2009-04-10 Thread Mark
John Machin wrote:
> On 16/03/2009 5:48 PM, Pierre Chatelier wrote:
>>> A few hundred blocks of raw data? Blocksize approx 300K bytes?  
>>> Database
>>> created and dropped by the same process? 500 blocks is approx 150M
>>> bytes; why not keep it in a hash table in memory? If you keep it in a
>>> database or the file system, it's going to be washed through your real
>>> memory and pagefile-aka-swap-partition anyway, so just cut out the
>>> middlemen :-)
>> You're right, but who said I have only 1 DB at a time :-) ?
> 
> You didn't say anything at all about how many DBs you have, so it wasn't 
> you.
> 
> 
>> In fact, I have several DBs and I do not known in advance what size it  
>> will represent.
> 
> What is "it"?
> 
>> Perhaps 500MB. And I need RAM for other stuff, so the  
>> simplest thing is to use "normal" DBs.
> 
> You've lost me now. You need RAM for your working set of whatever you 
> are acccessing at the time, doesn't matter whether it came from a file 
> or a DB (which is just a structured file, probably not optimised for 
> 300KB BLOBs) or you built it in memory, and what's not being used at the 
> time will be in your filesystem or in your swap partition.
> 
> Please re-read what I wrote, to which your response was "You're right", 
> then consider that the total amount of data is not very relevant, what 
> matters is the size of your working set, mostly irrespective of its source.
> 
> However the overhead of packing/unpacking 300KB blobs into/out of a 
> database can't be overlooked.
> 
> I would suggest giving serious thought to a variant of an earlier 
> poster's suggestion: have the BLOBs each in its own file in the file 
> system, but mmap them.
> 
> 
>> Using memory DBs and swapping  
>> them aftwerwards would not be smooth.
>>
>> But we are not answering my initial question !
>>
>> Can I expect some gain in
>> -recompiling SQLite (which options/DEFINEs would help ?)
>> -using custom memory allocators (I am on Win32, in a multi-threaded  
>> environment, and yes, "it's bad")
>> -using compression
> 
> Compression? You tell us. What percentage compression do you get with 
> these 300KB BLOBs with (say) bz2? How long does it take to read in a 
> bz2-compressed BLOB and uncompress it compared to reading in an 
> uncompressed BLOB?
> 
> Cheers,
> John
> 

I'm doing nearly the exact same thing, except my BLOBs are about 8k, and 
they compressed to about 2k. It turned out in my testing to be 
significantly faster to skip the compression step (disk space is cheap, 
right?) and write the data directly to the database.

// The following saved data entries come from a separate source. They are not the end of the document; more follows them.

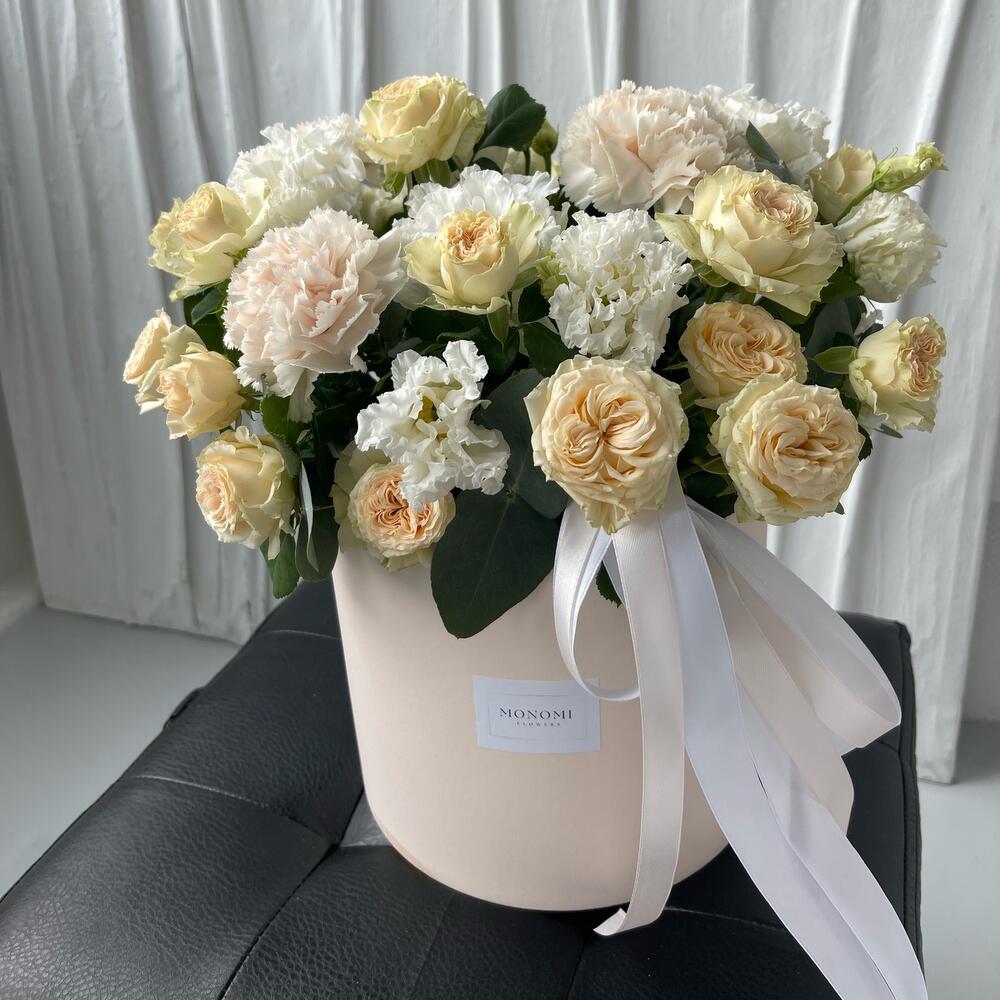 Роза садовая кустовая – 4 шт.Диантус – 5 шт.Эустома – 3 шт.Эвкалипт – 5 шт.Оазис флористический – 1 шт.Шляпная коробка – 1 шт.Лента атласная – 2 шт.наклейка фирменная – 1 шт.
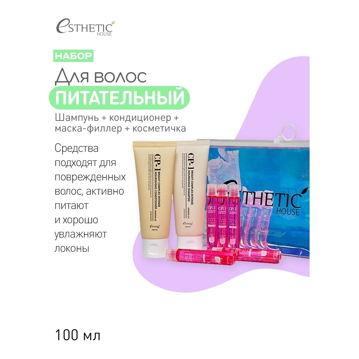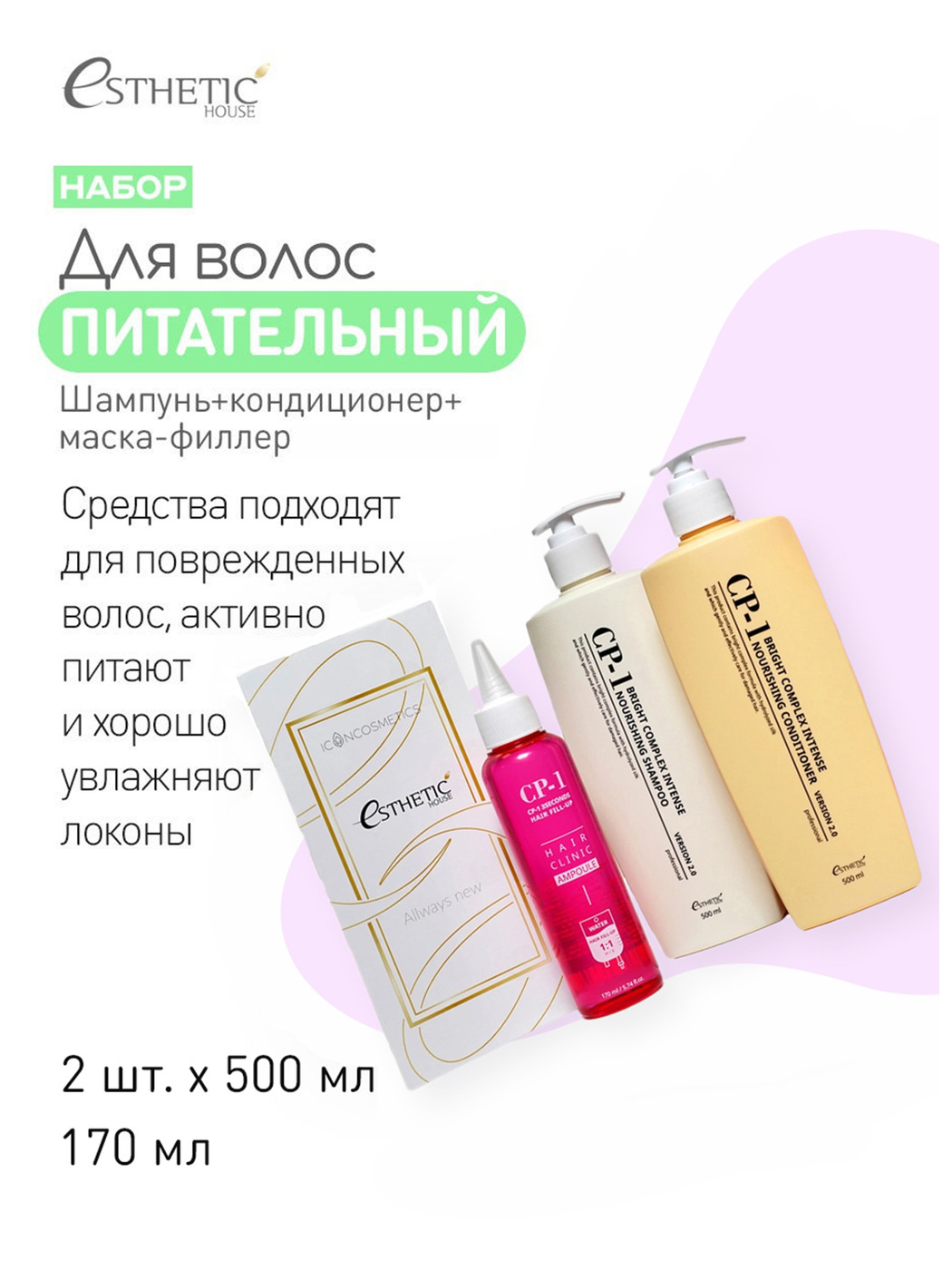 ESTHETIC HOUSE Восстанавливающий набор для ухода за волосами 500 (шампунь+кондиционер+маска-филлер), 3 шт
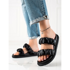 La suela fabricada en plástico, de 3 cm de altura, proporciona una adecuada amortiguación al caminar y un buen agarre gracias a la pisada. Las chanclas están disponibles en un elegante color negro, lo que las hace combinar perfectamente con varios estilos.
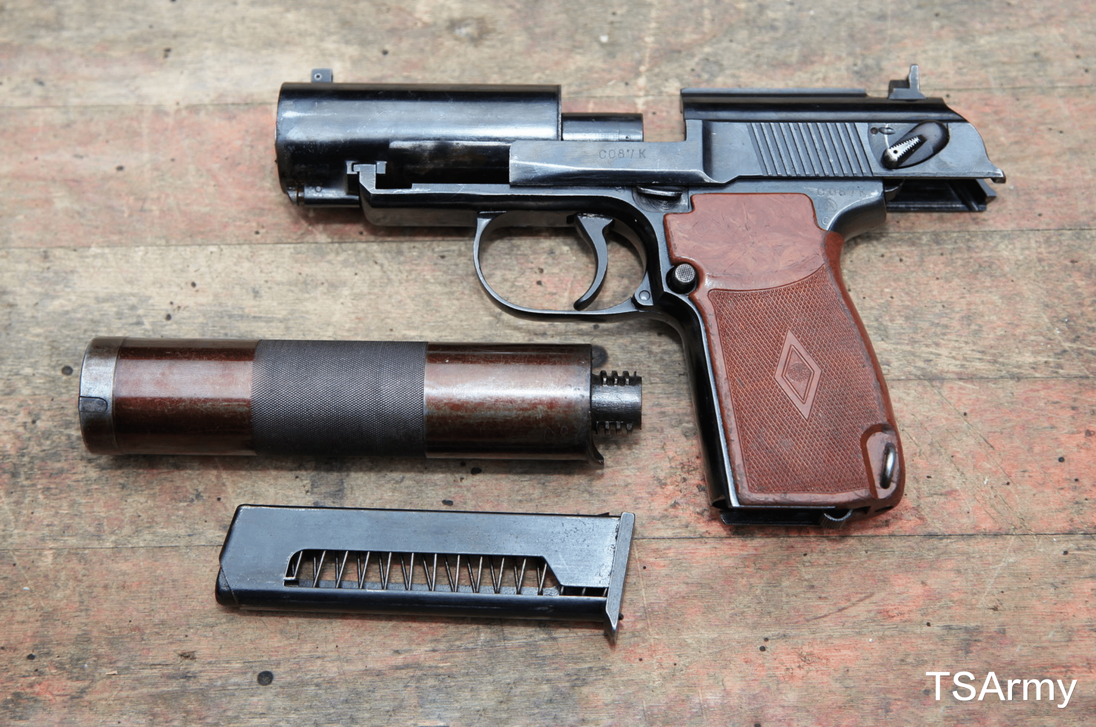 简称:PB手枪,这是前苏联在上世纪60年代,根据马卡洛夫半自动手枪的基础,改进出来的一种消音型号,最大特点就是为该枪配备了消音器,并且发射亚音速子弹,可以做到开火时无烟和微声。
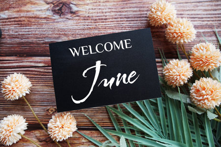 Welcome June text message with flower decoration on wooden background
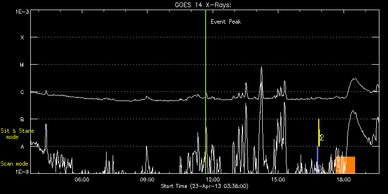 EIS Observation timeline overlay to GOES-Xray curve Code 1" 2" 40" 266" EIS Observations list for this event: STUDY ACRONYM ID DATE OBSERVED DESCRIPTION NOAA# TARGET 0 PRY_slot_contextLITE | 33117 | 2013/04/23 16:47:20 | EIS AIA alignment | 1729 | Active Region TIMELINE ID DATE OBSERVED FITS FILE XCEN (+W/-E) YCEN (+N/-S) DUR ----------------------------------------------------------------------------------------------------------------- 33117 | 2013/04/23 16:47:20.000 | eis_l0_20130423_164720.fits.gz | -15.21 | -0.50 | 2m56s 1 Alignment_266 | 33118 | 2013/04/23 16:51:07 | EIS AIA alignment | | Quiet Sun TIMELINE ID DATE OBSERVED FITS FILE XCEN (+W/-E) YCEN (+N/-S) DUR ----------------------------------------------------------------------------------------------------------------- 33118 | 2013/04/23 16:51:07.000 | eis_l0_20130423_165107.fits.gz | -132.57 | -0.35 | 1m22s 2 XRT_synop_AIA | 33119 | 2013/04/23 16:54:03 | EIS AIA alignment | | Quiet Sun TIMELINE ID DATE OBSERVED FITS FILE XCEN (+W/-E) YCEN (+N/-S) DUR ----------------------------------------------------------------------------------------------------------------- 33119 | 2013/04/23 16:54:03.000 | eis_l0_20130423_165403.fits.gz | -132.49 | -0.42 | 11s 3 EUNIS_EIS_CrossCal | 33120 | 2013/04/23 17:37:50 | EUNIS/EIS Coordinated observations | 1726 | Quiet Sun TIMELINE ID DATE OBSERVED FITS FILE XCEN (+W/-E) YCEN (+N/-S) DUR ----------------------------------------------------------------------------------------------------------------- 33120 | 2013/04/23 17:37:50.000 | eis_l0_20130423_173750.fits.gz | 671.54 | 235.88 | 52m45s : Check study information : Download file : View thumbnails For this event, also check for:
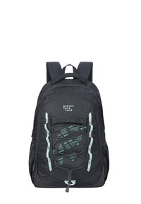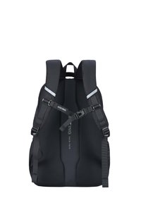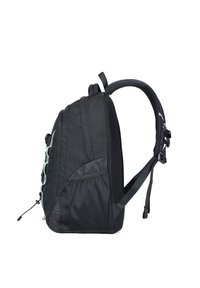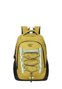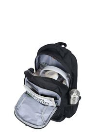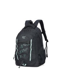 Jeune homme portant un sac à dos noir avec des cordons élastiques à l'avant, un t-shirt blanc et un jean bleu, debout devant un fond clair uni.
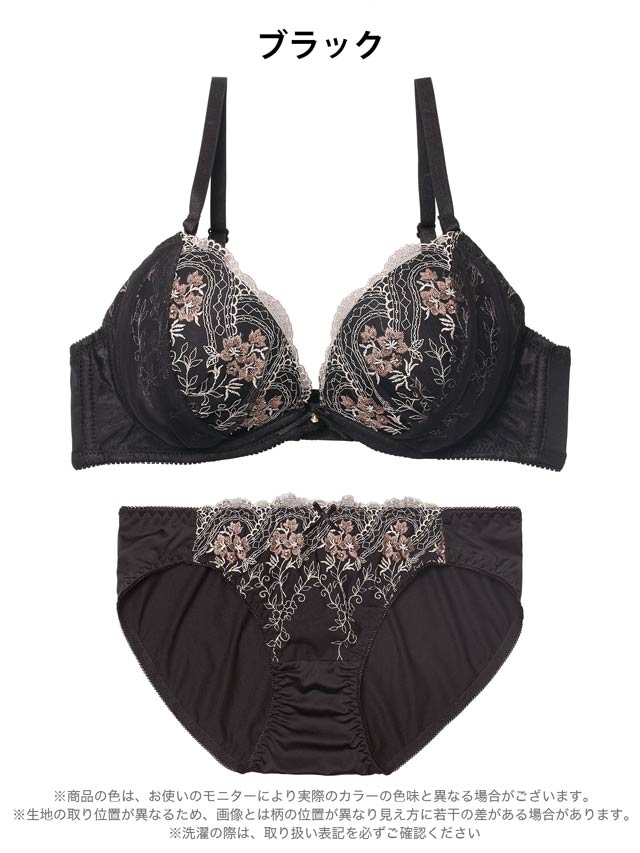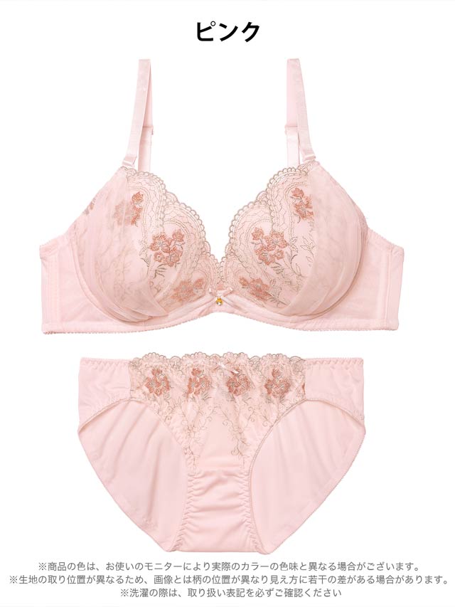 ダスティブルームエンブロイダリー育乳脇高ブラジャー&バック透けフルバックショーツ
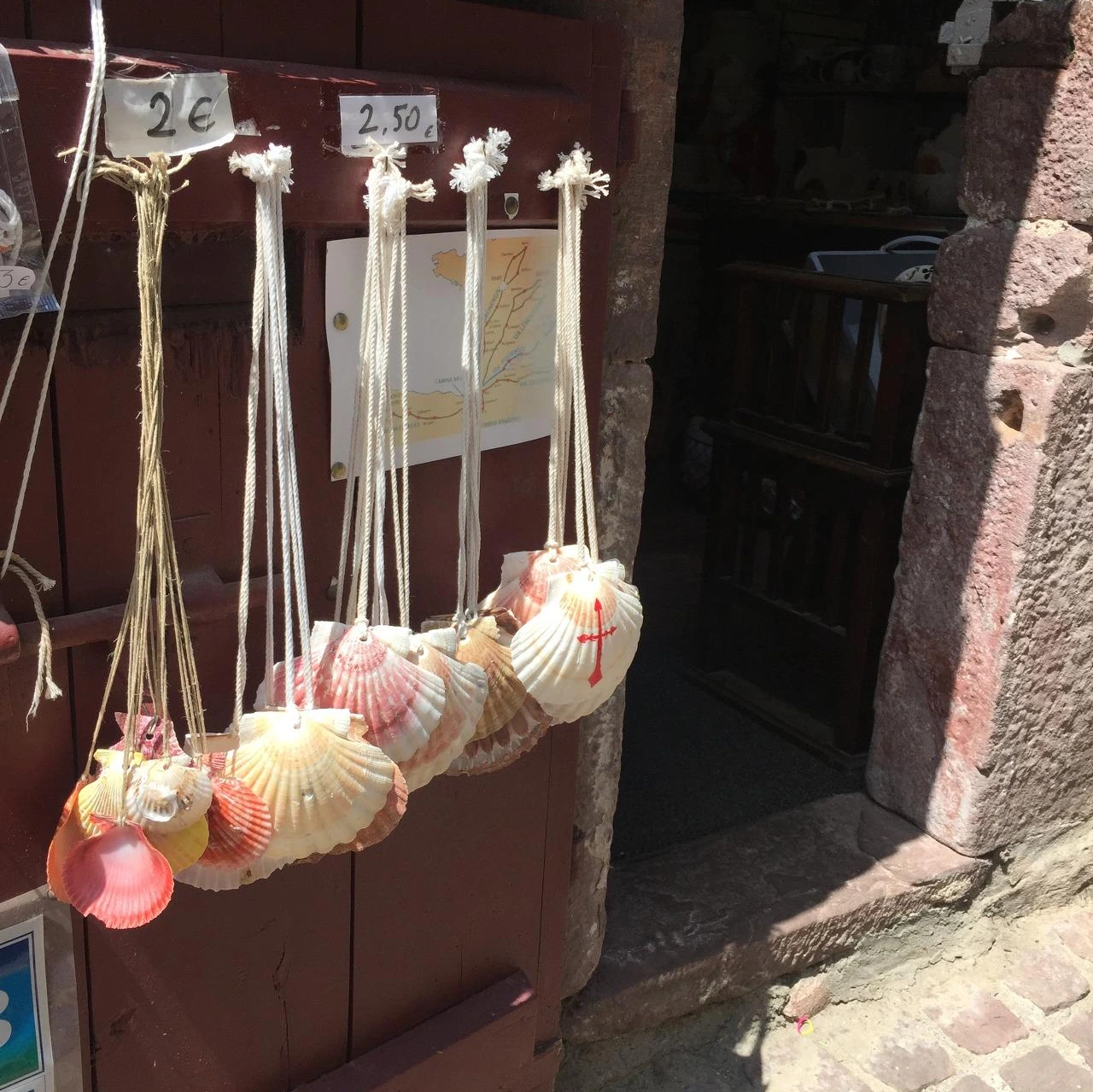생장은 번화한 관광 도시였다. 일반 관광객도 많은 것 같고, 순례자들도 많고.. 슬슬 조개껍데기들이 보이기 시작한다. 순례자의 상징인 조개껍데기.. 사무실에서 2유로에 여권을 발급을 받고. 조개껍데기 하나를 기부금으로 내고 하나 받았다. 여정 동안 가방에 메고 다니는 게 관례인듯한데 여기에 소원을 적어 산티아고에 가서 걸어두면 이루어진다는 속설이 있다는데..

As to your other questions, I have no answers, and indeed, would be 
interested in them if you came up with some!

Mark

___
sqlite-users mailing list
sqlite-users@sqlite.org
http://sqlite.org:8080/cgi-bin/mailman/listinfo/sqlite-users


Re: [sqlite] Advices to get max performance with SQLITE and BLOBS

2009-03-17 Thread Alexey Pechnikov
Hello!

On Monday 16 March 2009 09:48:50 Pierre Chatelier wrote:
> But we are not answering my initial question !
>
> Can I expect some gain in
> -recompiling SQLite (which options/DEFINEs would help ?)
> -using custom memory allocators (I am on Win32, in a multi-threaded  
> environment, and yes, "it's bad")
> -using compression

I'm have repository with tuned SQLite and zlib-compress extension and more 
other.

Debian etch: 
deb http://mobigroup.ru/debian/ etch main contrib non-free
deb-src http://mobigroup.ru/debian/ etch main contrib non-free

Debian lenny: 
deb http://mobigroup.ru/debian/ lenny main contrib non-free
deb-src http://mobigroup.ru/debian/ lenny main contrib non-free

Keyring:
sudo aptitude install debian-mobigroup-keyring

I don't have windows build but you can compile this by MinGW.

Best regards.
___
sqlite-users mailing list
sqlite-users@sqlite.org
http://sqlite.org:8080/cgi-bin/mailman/listinfo/sqlite-users


Re: [sqlite] Advices to get max performance with SQLITE and BLOBS

2009-03-16 Thread John Machin
On 16/03/2009 5:48 PM, Pierre Chatelier wrote:
>> A few hundred blocks of raw data? Blocksize approx 300K bytes?  
>> Database
>> created and dropped by the same process? 500 blocks is approx 150M
>> bytes; why not keep it in a hash table in memory? If you keep it in a
>> database or the file system, it's going to be washed through your real
>> memory and pagefile-aka-swap-partition anyway, so just cut out the
>> middlemen :-)
> 
> You're right, but who said I have only 1 DB at a time :-) ?

You didn't say anything at all about how many DBs you have, so it wasn't 
you.


> In fact, I have several DBs and I do not known in advance what size it  
> will represent.

What is "it"?

> Perhaps 500MB. And I need RAM for other stuff, so the  
> simplest thing is to use "normal" DBs.

You've lost me now. You need RAM for your working set of whatever you 
are acccessing at the time, doesn't matter whether it came from a file 
or a DB (which is just a structured file, probably not optimised for 
300KB BLOBs) or you built it in memory, and what's not being used at the 
time will be in your filesystem or in your swap partition.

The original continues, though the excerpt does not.